• Instructions to follow:
Set the listing down exactly; no pictures.

• Provided records:
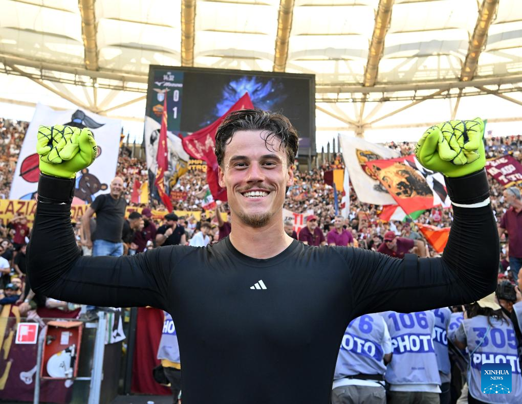Roma's Mile Svilar reacts after the Serie A football match between Lazio and Roma in Rome, Italy, Sept. 21, 2025. (Photo by Alberto Lingria/Xinhua)
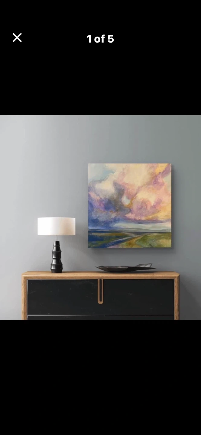 Vibrant abstract landscape painting. This canvas art features a colourful sky over rolling hills. It's a beautiful piece for any room! Real painting not a print
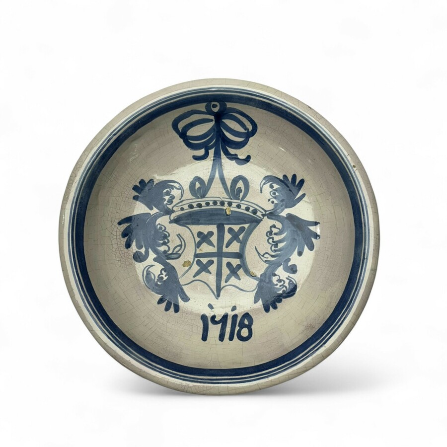 Fries aardewerken wapenschotel, gedateerd 1718
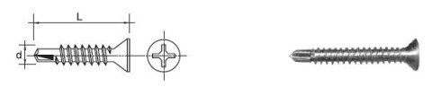 WKRĘT SAMOWIERCĄCY , z łbem stożkowym płaskim na końcówkę PH 2 , DIN 7504P
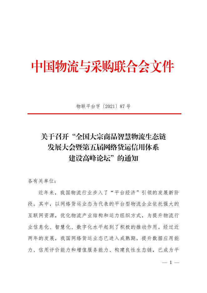 关于召开“全国大宗商品智慧物流生态链发展大会暨第五届网络货运信用体系建设高峰论坛”的通知.pdf

• Answer area:
Roma's Mile Svilar reacts after the Serie A football match between Lazio and Roma in Rome, Italy, Sept. 21, 2025. (Photo by Alberto Lingria/Xinhua)
 Vibrant abstract landscape painting. This canvas art features a colourful sky over rolling hills. It's a beautiful piece for any room! Real painting not a print
 Fries aardewerken wapenschotel, gedateerd 1718
 WKRĘT SAMOWIERCĄCY , z łbem stożkowym płaskim na końcówkę PH 2 , DIN 7504P
 关于召开“全国大宗商品智慧物流生态链发展大会暨第五届网络货运信用体系建设高峰论坛”的通知.pdf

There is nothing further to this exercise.